» **Records shown**
::::::::

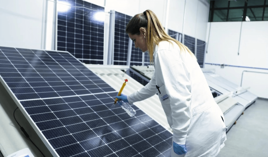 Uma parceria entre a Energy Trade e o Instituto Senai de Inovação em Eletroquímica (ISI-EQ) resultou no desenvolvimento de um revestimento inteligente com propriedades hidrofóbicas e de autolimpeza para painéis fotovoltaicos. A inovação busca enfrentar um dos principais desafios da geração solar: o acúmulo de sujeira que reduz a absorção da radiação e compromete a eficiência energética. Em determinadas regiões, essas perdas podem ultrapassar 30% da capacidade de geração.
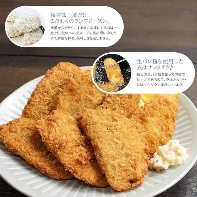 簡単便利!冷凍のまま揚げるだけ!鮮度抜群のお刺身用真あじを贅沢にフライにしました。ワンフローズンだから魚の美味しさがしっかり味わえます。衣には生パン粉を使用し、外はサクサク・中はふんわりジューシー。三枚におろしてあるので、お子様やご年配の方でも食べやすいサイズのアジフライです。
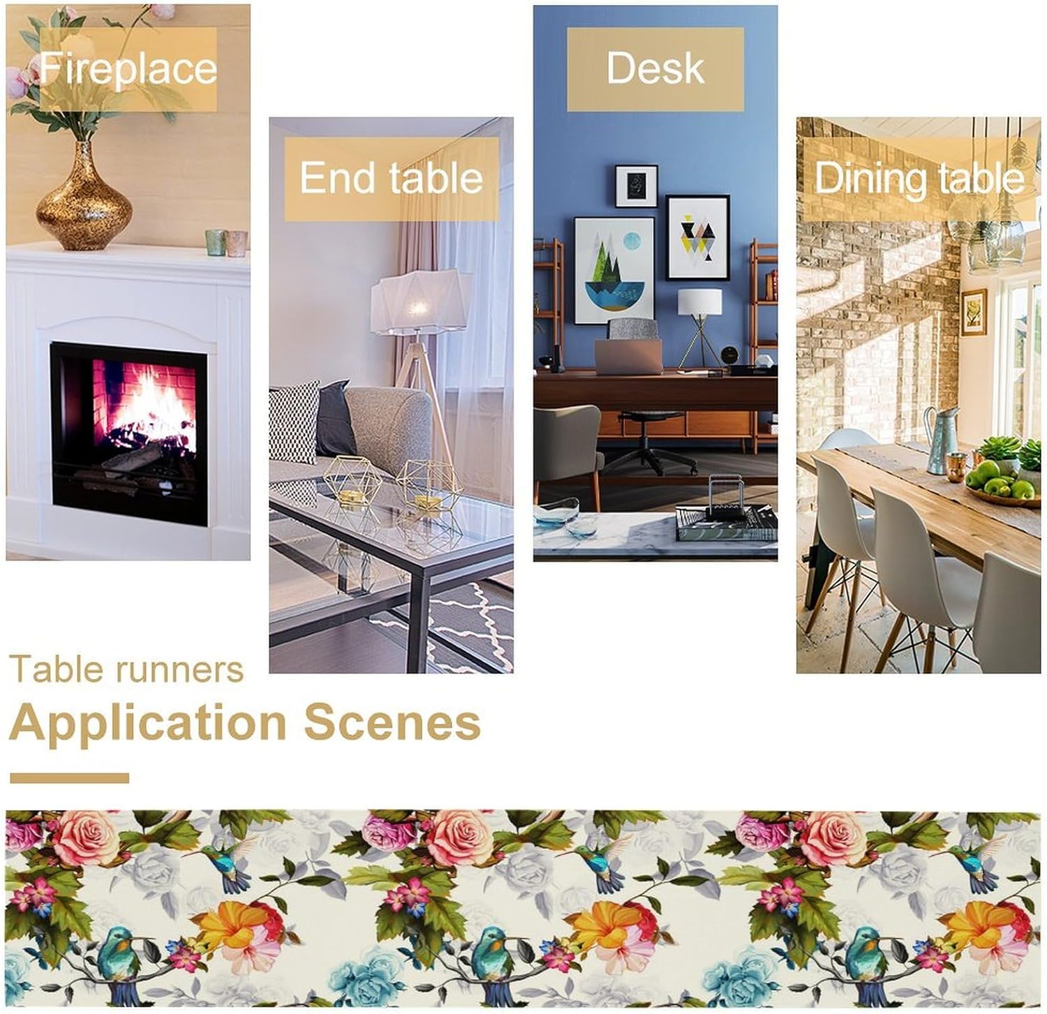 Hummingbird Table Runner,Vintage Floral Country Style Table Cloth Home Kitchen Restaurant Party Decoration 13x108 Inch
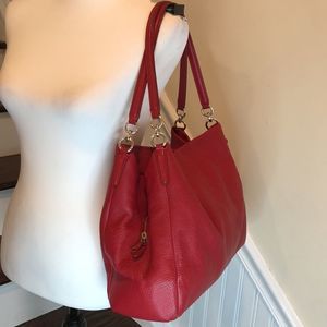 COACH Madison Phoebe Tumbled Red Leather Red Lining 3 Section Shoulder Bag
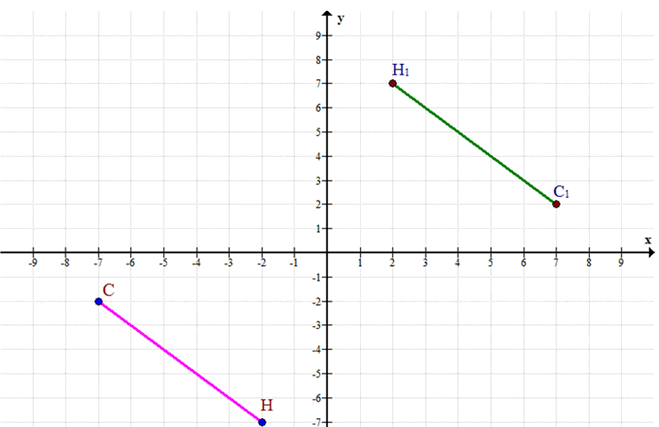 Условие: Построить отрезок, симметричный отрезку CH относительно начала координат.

::::::::

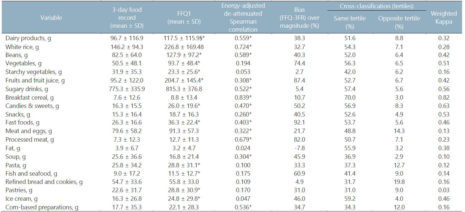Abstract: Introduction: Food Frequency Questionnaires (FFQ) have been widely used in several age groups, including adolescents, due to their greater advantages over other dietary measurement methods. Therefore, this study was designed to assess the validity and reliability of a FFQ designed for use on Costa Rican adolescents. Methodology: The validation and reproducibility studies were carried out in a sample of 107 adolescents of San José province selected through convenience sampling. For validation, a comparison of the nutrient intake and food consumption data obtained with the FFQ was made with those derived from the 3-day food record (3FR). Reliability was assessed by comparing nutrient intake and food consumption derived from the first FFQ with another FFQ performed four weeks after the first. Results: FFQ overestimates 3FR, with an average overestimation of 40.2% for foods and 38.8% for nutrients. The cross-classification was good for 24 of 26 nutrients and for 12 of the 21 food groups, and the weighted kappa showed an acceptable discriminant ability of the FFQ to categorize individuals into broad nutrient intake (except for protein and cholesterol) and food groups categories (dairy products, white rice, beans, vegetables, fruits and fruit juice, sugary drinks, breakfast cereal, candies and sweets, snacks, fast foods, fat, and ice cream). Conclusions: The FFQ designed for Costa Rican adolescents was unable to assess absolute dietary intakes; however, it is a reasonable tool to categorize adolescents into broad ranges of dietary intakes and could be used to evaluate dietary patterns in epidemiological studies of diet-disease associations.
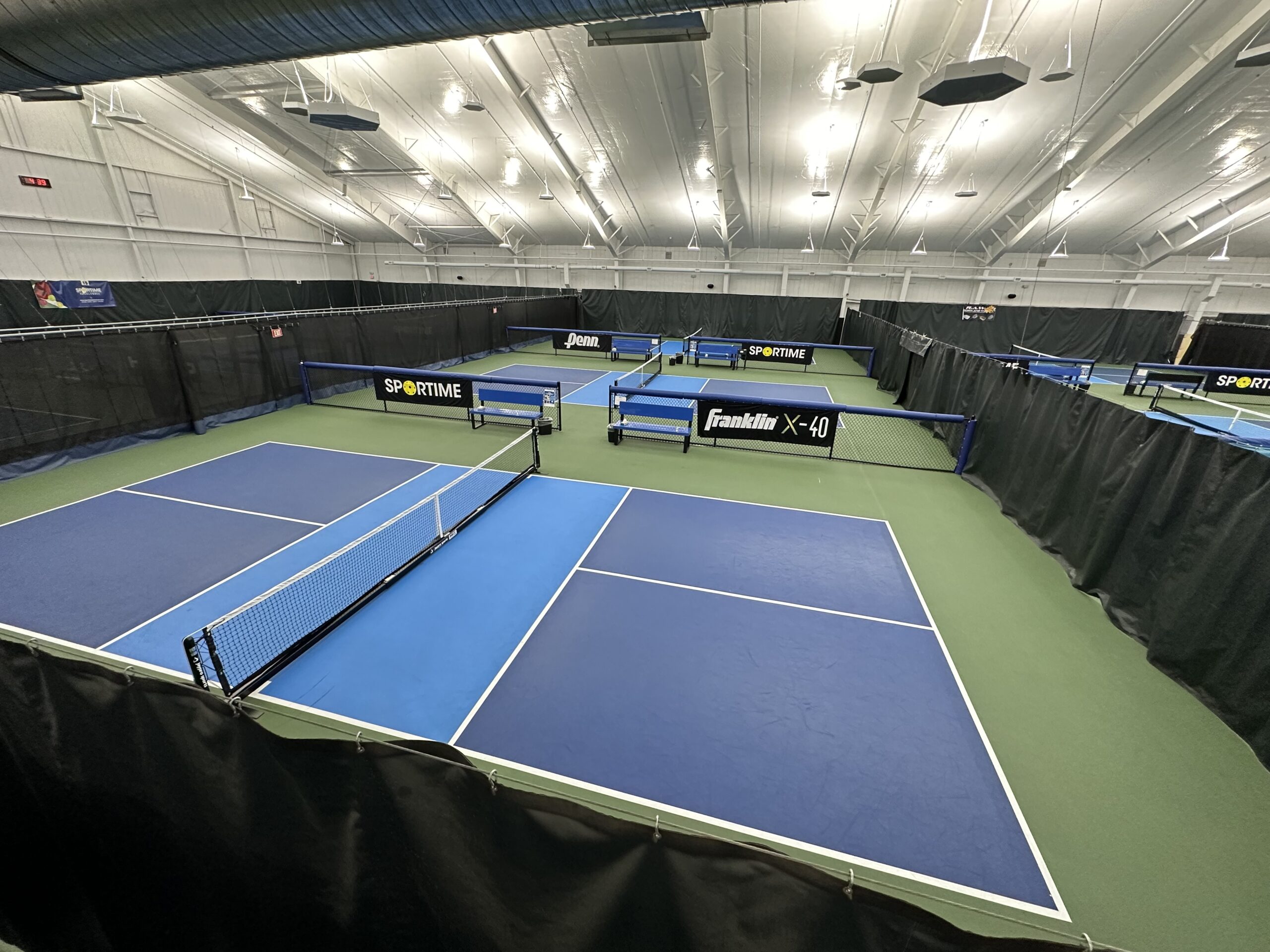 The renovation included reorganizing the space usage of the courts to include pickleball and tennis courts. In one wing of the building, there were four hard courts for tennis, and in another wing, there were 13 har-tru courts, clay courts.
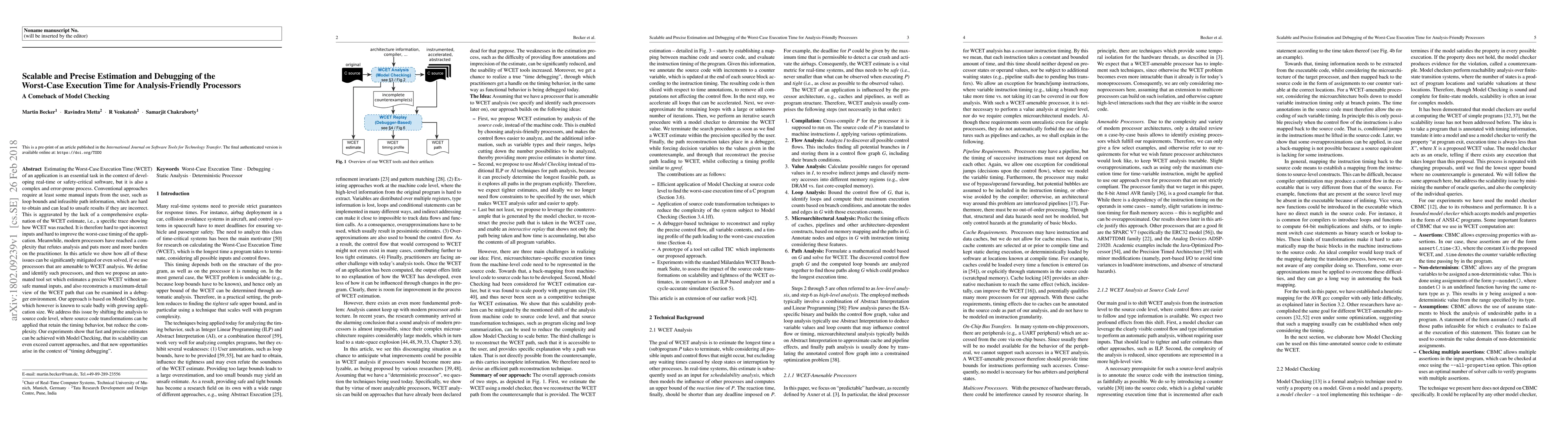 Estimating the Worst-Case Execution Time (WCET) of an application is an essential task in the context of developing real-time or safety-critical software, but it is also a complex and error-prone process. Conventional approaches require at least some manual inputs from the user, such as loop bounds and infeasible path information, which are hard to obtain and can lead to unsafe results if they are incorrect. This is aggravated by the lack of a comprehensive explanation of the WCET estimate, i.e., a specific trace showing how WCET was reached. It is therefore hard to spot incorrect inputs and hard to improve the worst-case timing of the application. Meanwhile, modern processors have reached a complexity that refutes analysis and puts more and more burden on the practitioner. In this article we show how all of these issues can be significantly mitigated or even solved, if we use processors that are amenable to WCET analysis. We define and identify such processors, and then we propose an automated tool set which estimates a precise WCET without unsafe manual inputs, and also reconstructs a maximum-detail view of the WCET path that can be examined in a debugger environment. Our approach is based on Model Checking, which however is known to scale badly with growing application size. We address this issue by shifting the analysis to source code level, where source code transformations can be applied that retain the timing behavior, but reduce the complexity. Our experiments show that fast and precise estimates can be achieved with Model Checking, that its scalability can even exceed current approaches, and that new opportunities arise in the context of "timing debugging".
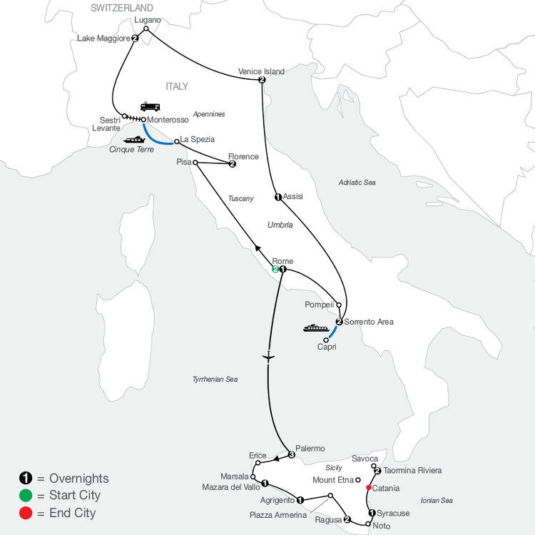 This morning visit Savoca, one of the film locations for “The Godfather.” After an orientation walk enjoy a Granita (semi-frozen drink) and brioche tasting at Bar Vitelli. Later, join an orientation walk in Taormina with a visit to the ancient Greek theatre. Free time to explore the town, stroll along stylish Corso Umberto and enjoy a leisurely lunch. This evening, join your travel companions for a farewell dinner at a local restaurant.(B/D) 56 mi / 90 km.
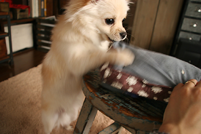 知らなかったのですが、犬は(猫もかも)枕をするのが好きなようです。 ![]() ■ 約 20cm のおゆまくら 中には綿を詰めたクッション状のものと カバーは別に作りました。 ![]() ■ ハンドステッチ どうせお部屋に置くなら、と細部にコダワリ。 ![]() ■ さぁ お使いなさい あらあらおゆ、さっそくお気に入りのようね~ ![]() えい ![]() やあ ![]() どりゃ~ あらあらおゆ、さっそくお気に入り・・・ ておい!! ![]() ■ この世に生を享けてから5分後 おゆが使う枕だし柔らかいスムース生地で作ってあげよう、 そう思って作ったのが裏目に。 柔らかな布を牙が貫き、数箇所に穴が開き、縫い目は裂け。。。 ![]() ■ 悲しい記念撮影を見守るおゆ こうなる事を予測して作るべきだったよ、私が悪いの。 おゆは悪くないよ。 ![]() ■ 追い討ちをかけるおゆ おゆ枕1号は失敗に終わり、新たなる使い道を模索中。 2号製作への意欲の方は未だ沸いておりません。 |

::::::::

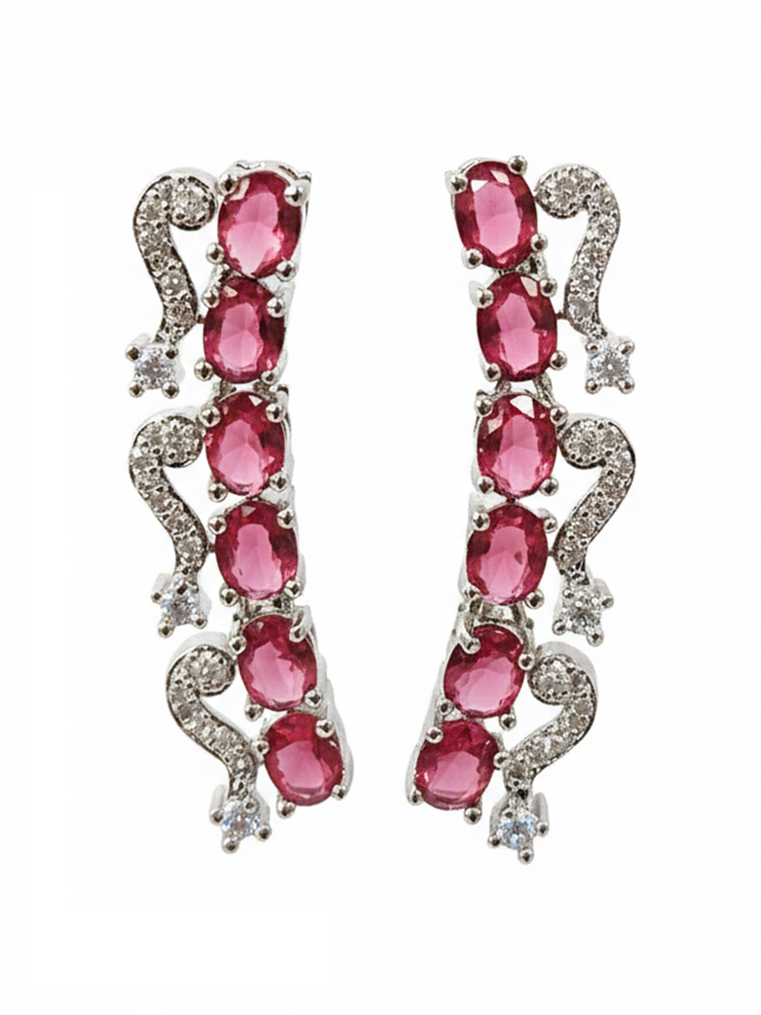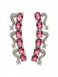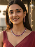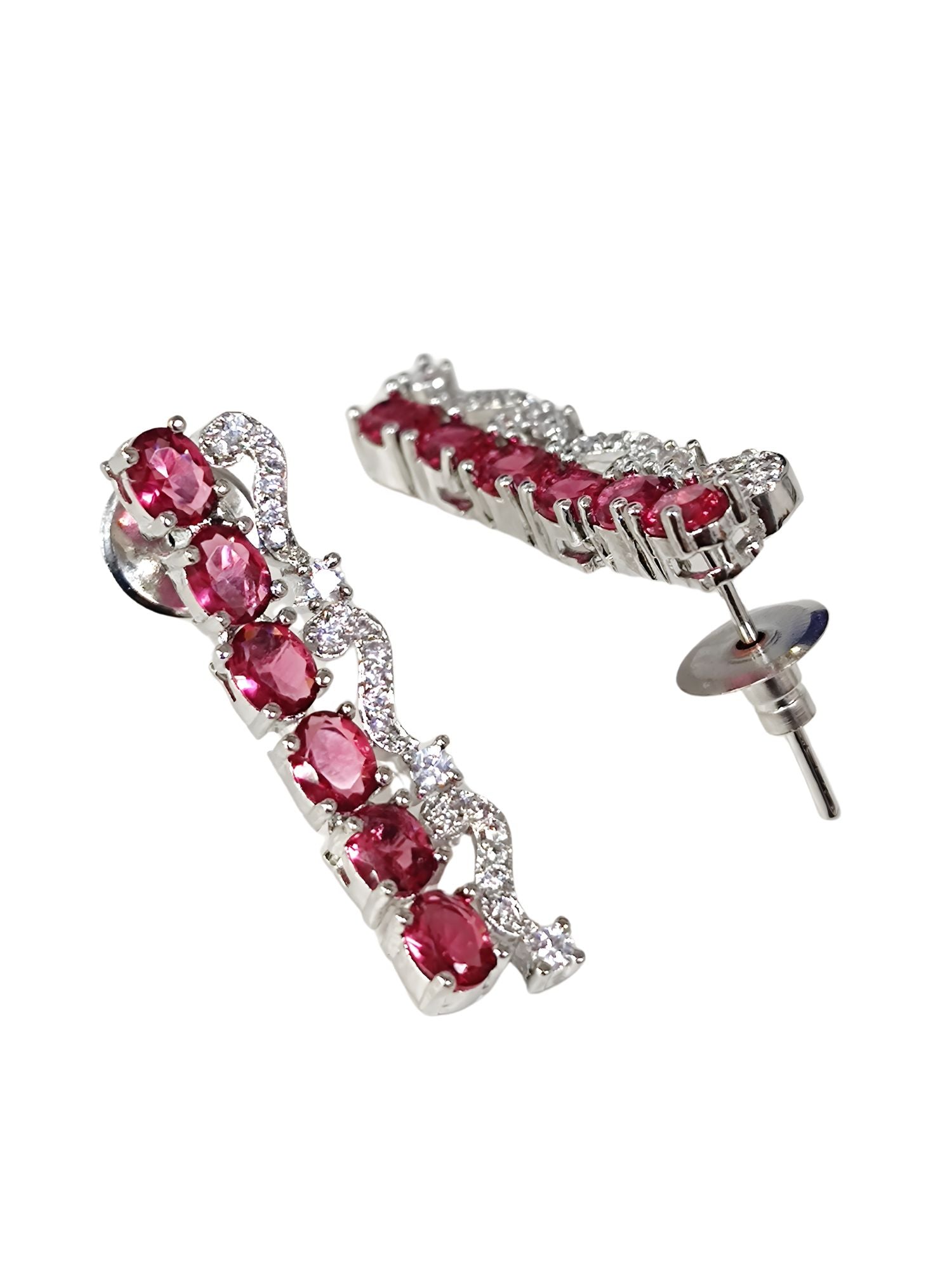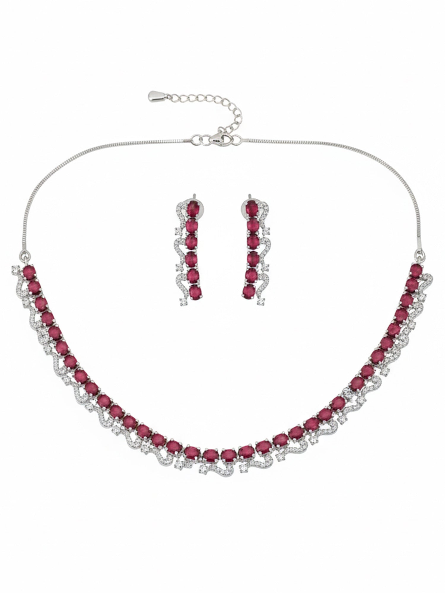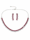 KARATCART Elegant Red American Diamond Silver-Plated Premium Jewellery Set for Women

::::::::

» **Task goal**
All pictures are to be skipped. Output, word for word, the lines in the data above starting at the line containing "Uma parceria entre" and ending at the line containing "Условие: Построить отрезок, симметричный".

» **Output**
 Uma parceria entre a Energy Trade e o Instituto Senai de Inovação em Eletroquímica (ISI-EQ) resultou no desenvolvimento de um revestimento inteligente com propriedades hidrofóbicas e de autolimpeza para painéis fotovoltaicos. A inovação busca enfrentar um dos principais desafios da geração solar: o acúmulo de sujeira que reduz a absorção da radiação e compromete a eficiência energética. Em determinadas regiões, essas perdas podem ultrapassar 30% da capacidade de geração.
 簡単便利!冷凍のまま揚げるだけ!鮮度抜群のお刺身用真あじを贅沢にフライにしました。ワンフローズンだから魚の美味しさがしっかり味わえます。衣には生パン粉を使用し、外はサクサク・中はふんわりジューシー。三枚におろしてあるので、お子様やご年配の方でも食べやすいサイズのアジフライです。
 Hummingbird Table Runner,Vintage Floral Country Style Table Cloth Home Kitchen Restaurant Party Decoration 13x108 Inch
 COACH Madison Phoebe Tumbled Red Leather Red Lining 3 Section Shoulder Bag
 Условие: Построить отрезок, симметричный отрезку CH относительно начала координат.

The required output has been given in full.